>>>

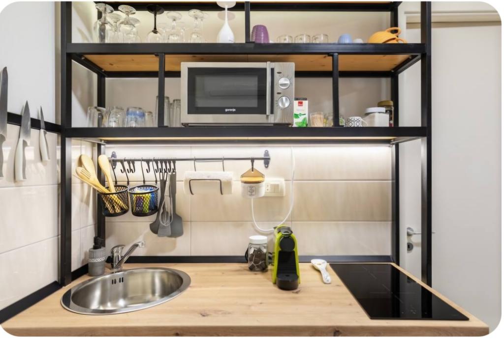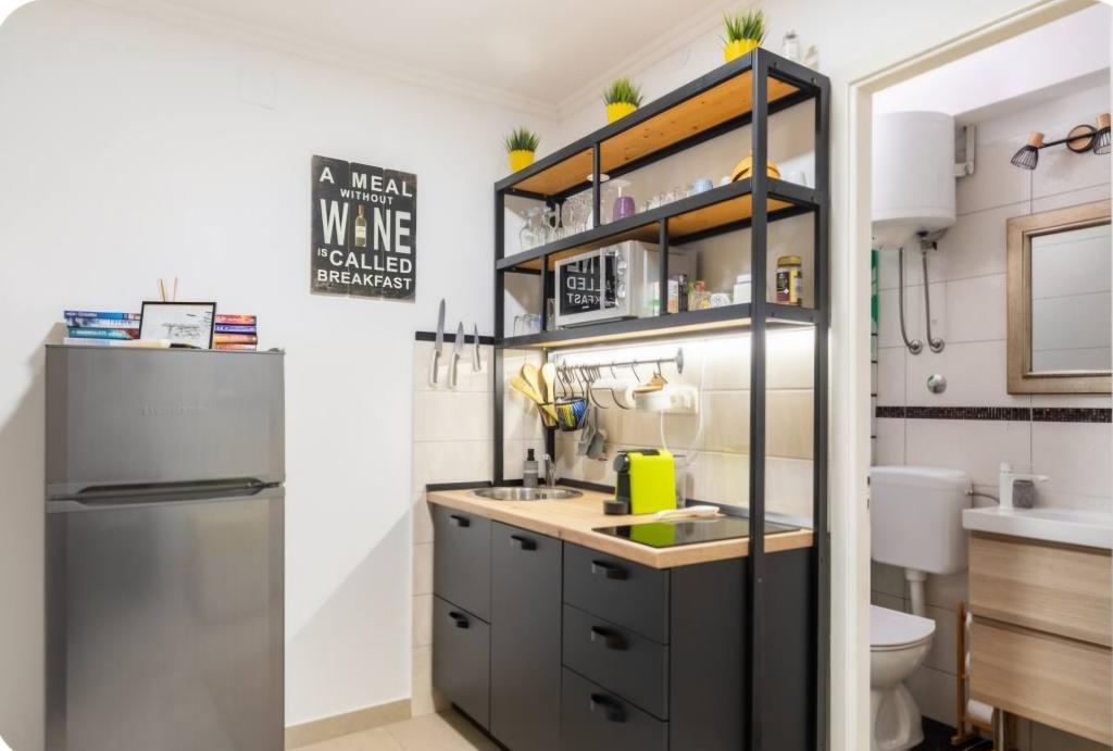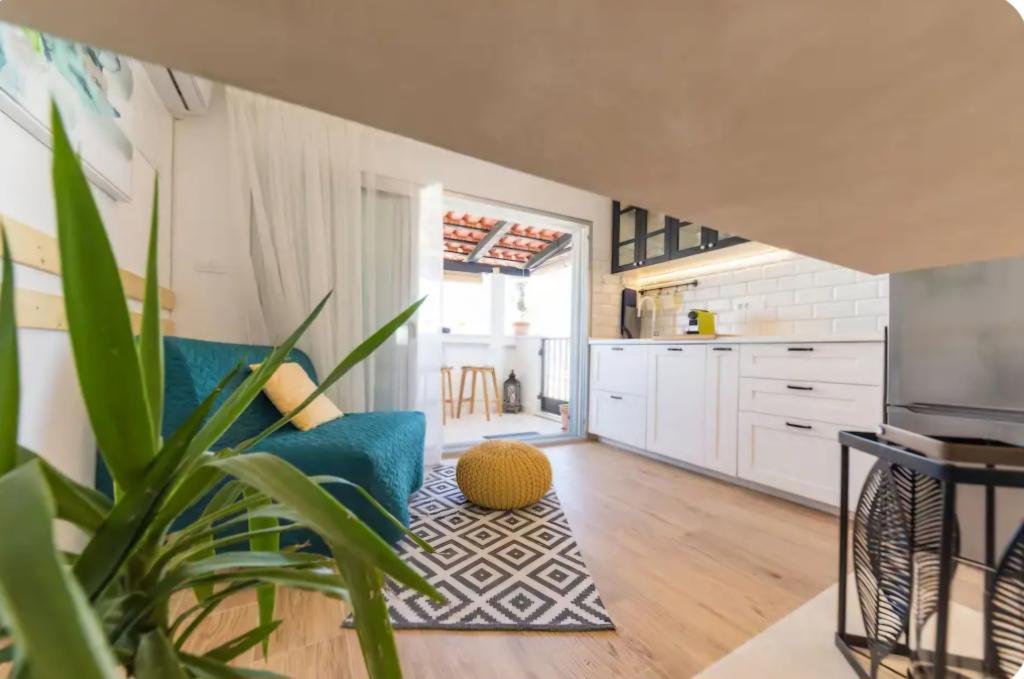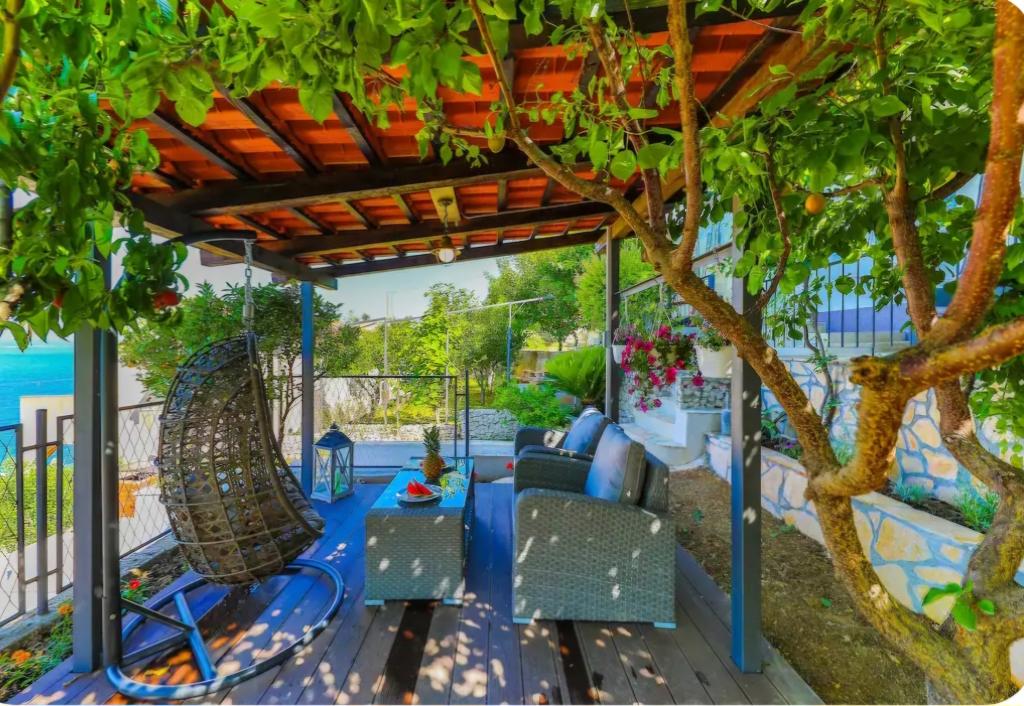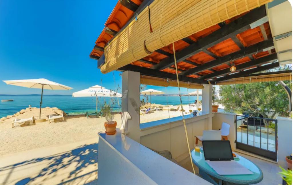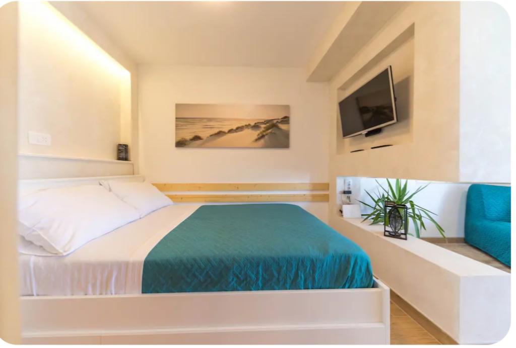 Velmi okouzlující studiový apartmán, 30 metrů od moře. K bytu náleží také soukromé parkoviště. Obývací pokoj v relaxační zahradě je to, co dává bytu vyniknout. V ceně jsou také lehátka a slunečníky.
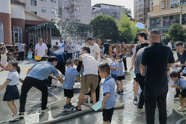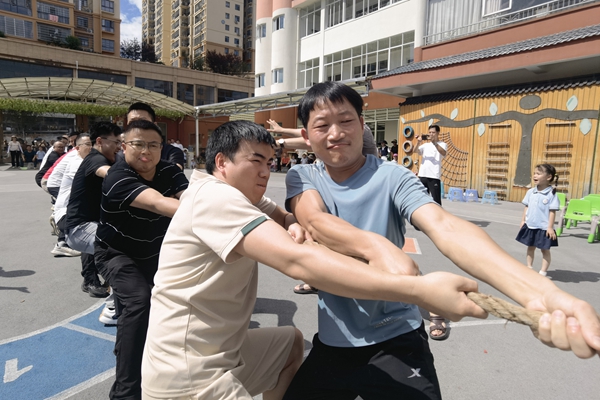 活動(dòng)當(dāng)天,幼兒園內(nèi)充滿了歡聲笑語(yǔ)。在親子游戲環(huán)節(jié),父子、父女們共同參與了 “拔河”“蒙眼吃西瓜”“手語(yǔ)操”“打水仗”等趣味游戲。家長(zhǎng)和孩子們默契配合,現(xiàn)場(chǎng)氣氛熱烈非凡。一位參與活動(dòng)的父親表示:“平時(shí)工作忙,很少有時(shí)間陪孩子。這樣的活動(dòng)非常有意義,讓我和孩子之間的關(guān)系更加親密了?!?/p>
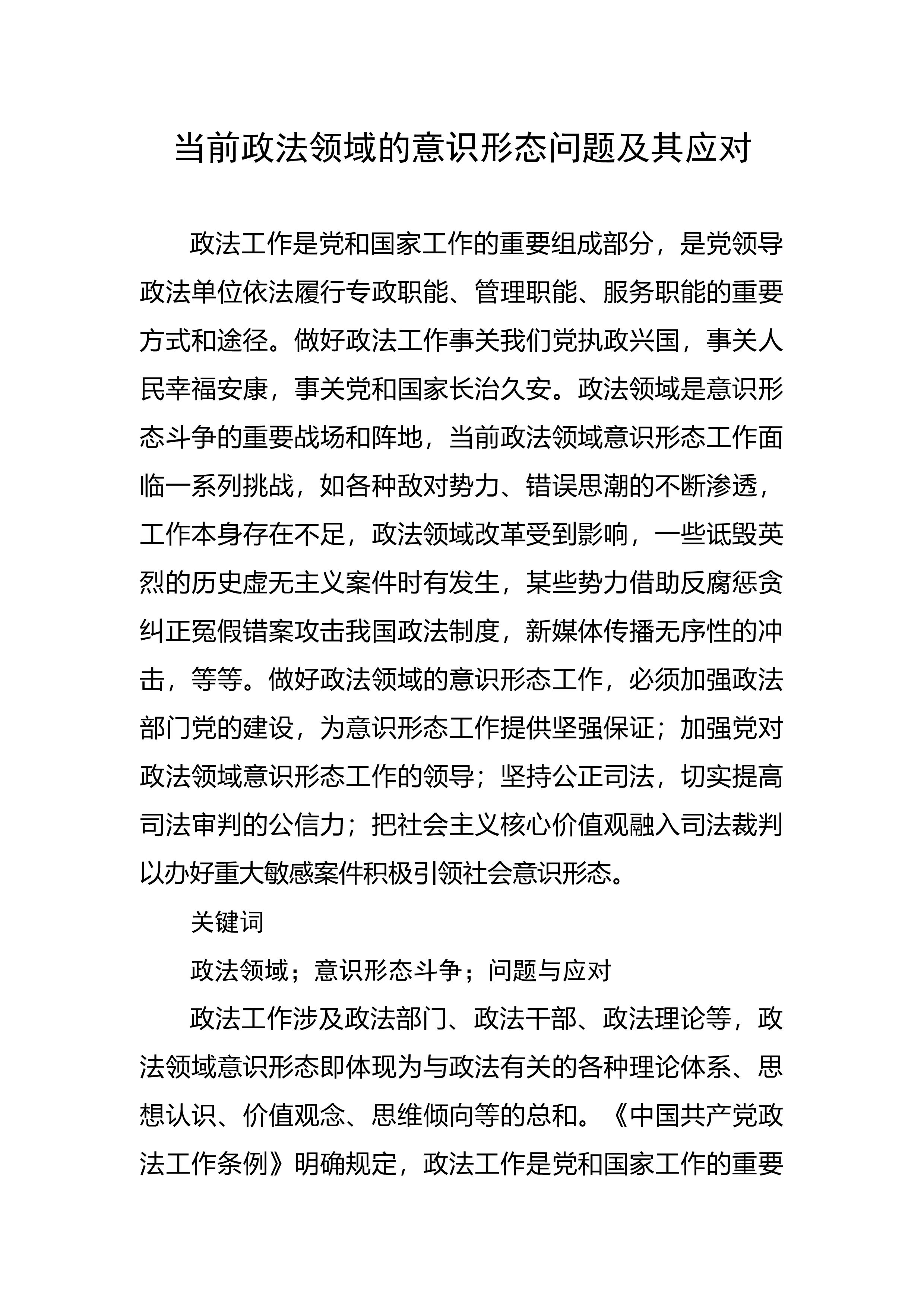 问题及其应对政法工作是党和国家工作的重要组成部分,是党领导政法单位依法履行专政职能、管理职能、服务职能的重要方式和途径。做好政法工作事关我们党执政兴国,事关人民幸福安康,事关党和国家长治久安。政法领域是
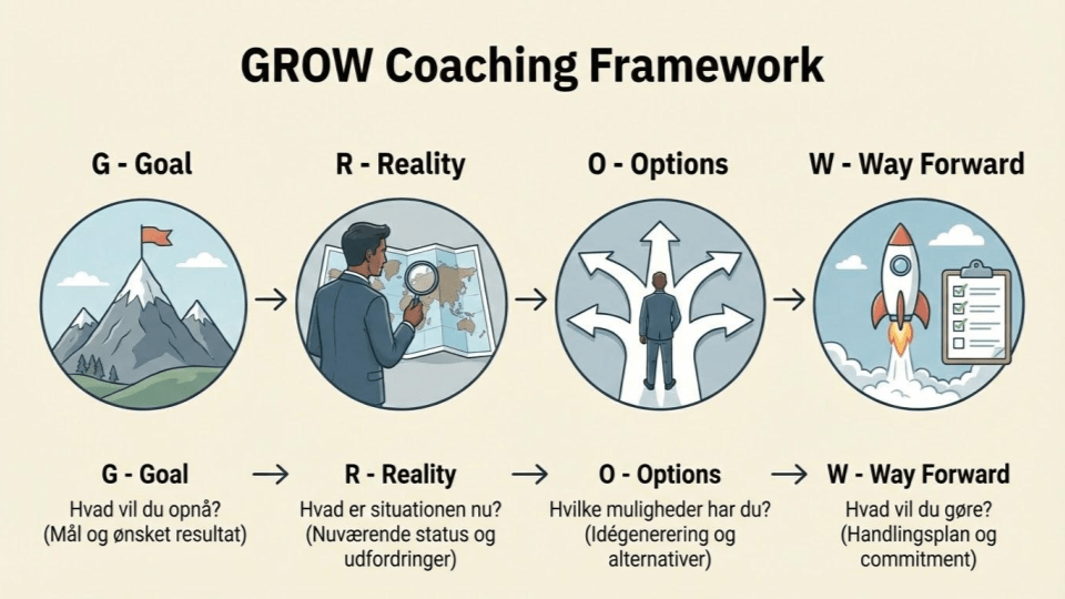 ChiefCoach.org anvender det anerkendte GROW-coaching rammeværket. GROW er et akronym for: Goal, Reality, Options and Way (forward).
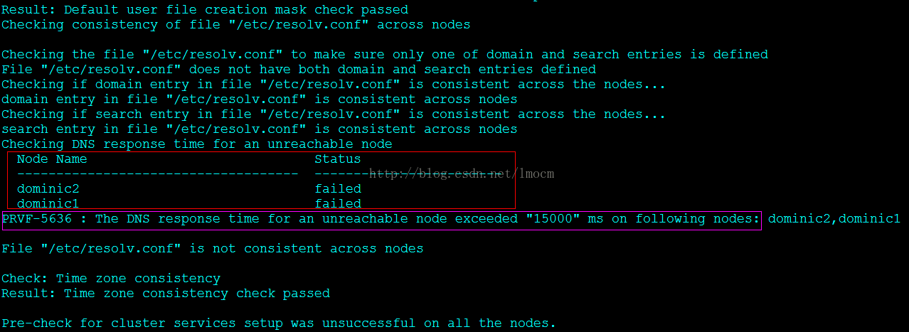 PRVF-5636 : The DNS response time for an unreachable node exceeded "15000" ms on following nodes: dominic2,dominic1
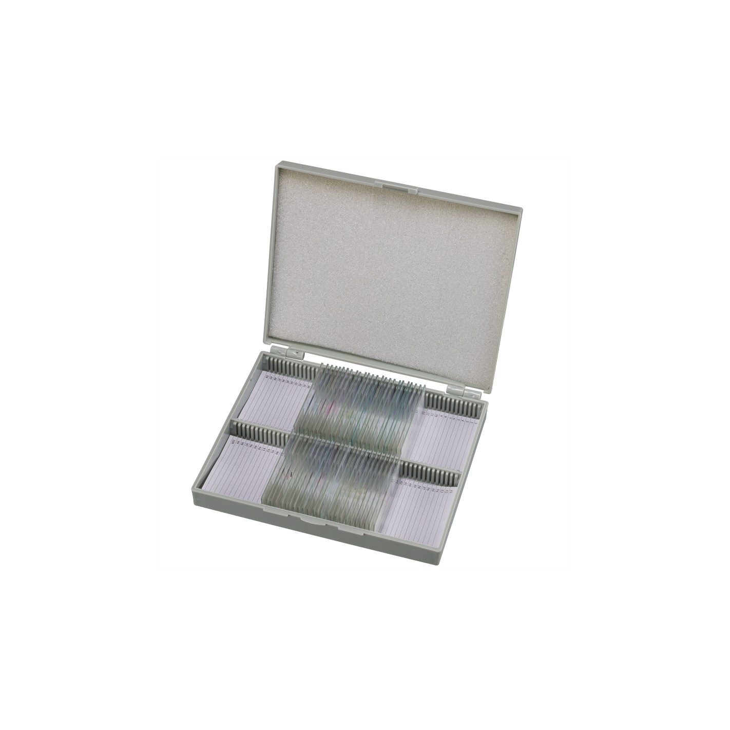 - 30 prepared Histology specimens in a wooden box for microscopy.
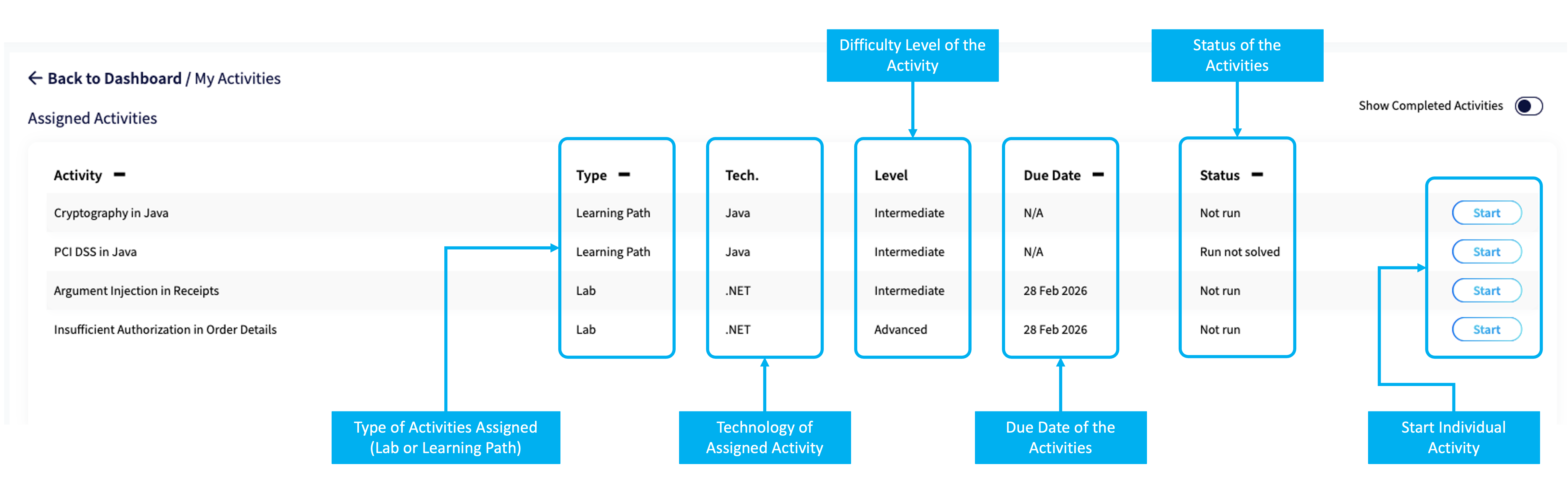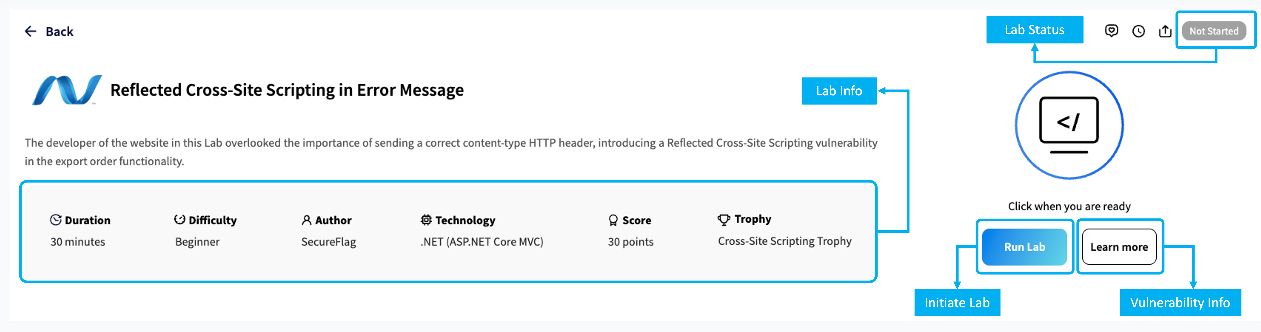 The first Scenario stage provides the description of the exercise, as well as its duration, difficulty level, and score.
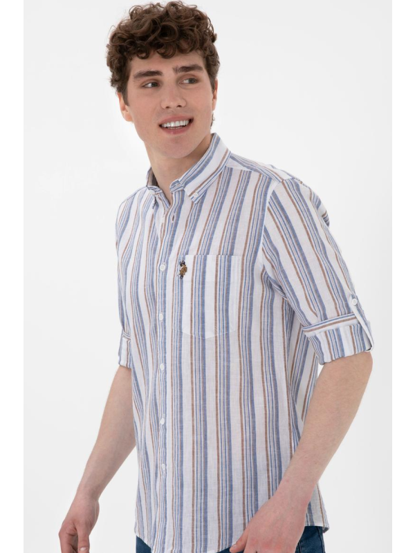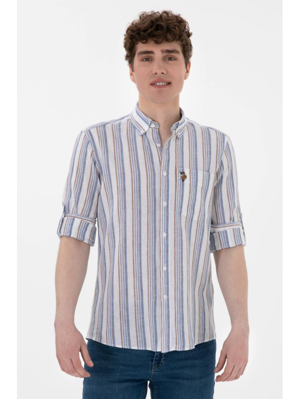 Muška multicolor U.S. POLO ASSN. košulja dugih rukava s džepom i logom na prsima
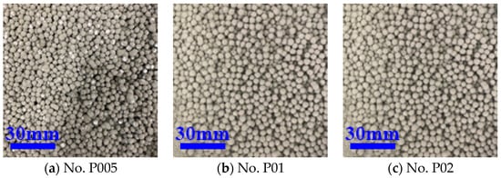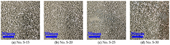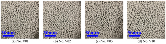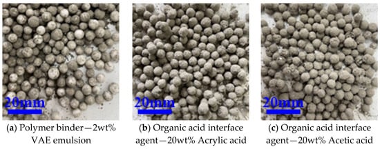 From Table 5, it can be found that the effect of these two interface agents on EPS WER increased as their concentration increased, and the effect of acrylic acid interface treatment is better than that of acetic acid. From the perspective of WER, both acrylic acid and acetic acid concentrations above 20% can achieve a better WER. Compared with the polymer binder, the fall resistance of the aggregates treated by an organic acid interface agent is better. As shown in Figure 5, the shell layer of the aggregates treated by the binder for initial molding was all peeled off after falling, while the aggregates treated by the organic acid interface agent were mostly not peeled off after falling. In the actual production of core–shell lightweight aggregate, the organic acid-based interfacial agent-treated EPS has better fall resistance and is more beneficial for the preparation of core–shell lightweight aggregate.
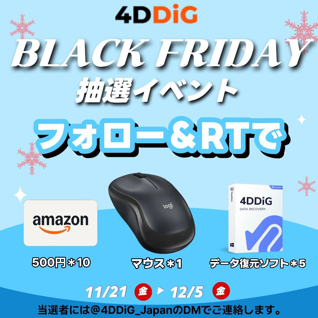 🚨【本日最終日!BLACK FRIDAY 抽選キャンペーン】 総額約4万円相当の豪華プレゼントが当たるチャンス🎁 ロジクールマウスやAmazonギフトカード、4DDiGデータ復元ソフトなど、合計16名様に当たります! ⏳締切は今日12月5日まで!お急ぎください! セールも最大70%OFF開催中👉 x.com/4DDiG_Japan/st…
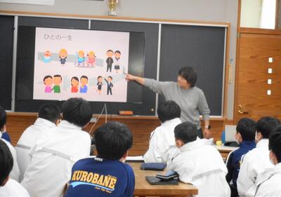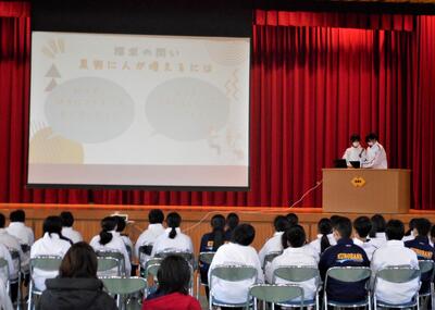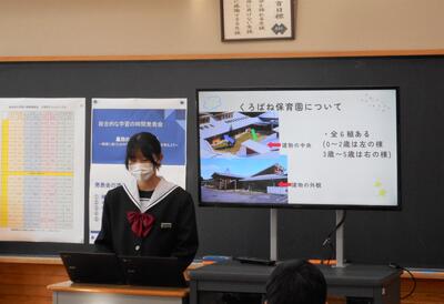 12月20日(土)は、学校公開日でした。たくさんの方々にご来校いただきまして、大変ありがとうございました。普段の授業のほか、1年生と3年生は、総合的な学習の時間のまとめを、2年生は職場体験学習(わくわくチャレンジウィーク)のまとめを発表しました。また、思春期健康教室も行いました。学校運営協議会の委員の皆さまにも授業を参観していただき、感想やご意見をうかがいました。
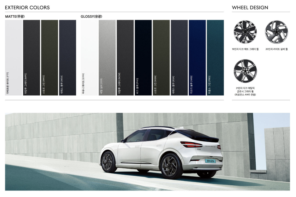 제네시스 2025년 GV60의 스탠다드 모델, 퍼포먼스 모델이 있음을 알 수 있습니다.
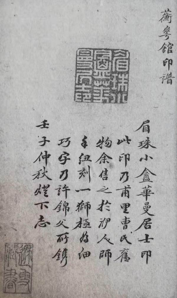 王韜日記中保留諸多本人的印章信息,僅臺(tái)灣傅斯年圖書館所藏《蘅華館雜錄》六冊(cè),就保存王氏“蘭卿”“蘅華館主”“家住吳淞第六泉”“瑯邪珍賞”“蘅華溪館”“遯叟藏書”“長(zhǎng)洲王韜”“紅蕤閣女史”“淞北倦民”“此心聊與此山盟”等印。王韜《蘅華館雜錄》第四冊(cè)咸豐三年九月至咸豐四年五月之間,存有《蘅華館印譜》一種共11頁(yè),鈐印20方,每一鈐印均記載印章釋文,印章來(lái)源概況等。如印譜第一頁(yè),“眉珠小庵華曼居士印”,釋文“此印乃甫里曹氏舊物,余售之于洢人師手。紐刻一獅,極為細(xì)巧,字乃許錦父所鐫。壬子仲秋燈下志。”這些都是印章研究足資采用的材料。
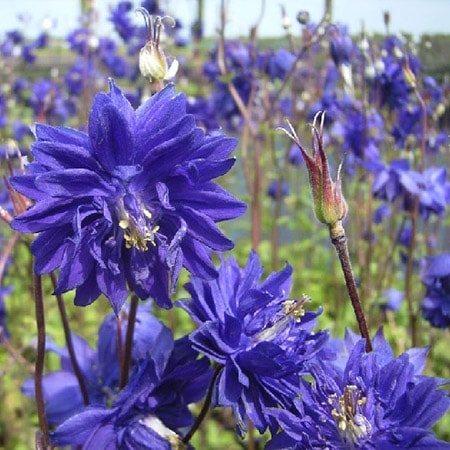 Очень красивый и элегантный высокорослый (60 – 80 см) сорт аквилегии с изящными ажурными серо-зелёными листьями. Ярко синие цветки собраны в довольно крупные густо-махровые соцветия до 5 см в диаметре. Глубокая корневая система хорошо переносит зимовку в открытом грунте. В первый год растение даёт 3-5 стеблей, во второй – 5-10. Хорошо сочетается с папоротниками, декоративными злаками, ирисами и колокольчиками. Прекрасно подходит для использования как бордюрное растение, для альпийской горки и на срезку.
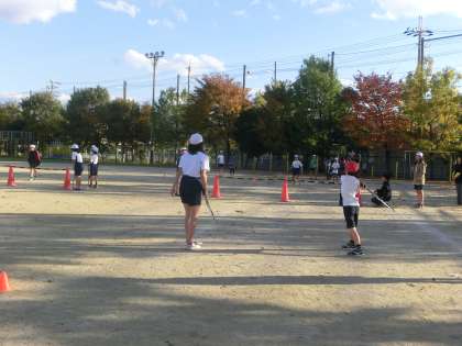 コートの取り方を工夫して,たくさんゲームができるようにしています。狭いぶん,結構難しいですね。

<<<

Reproduce word for word, with pictures dropped, only the part of the material above that opens with the line containing "PRVF-5636 : The" and closes with the line containing "- 30 prepared".

 PRVF-5636 : The DNS response time for an unreachable node exceeded "15000" ms on following nodes: dominic2,dominic1
 - 30 prepared Histology specimens in a wooden box for microscopy.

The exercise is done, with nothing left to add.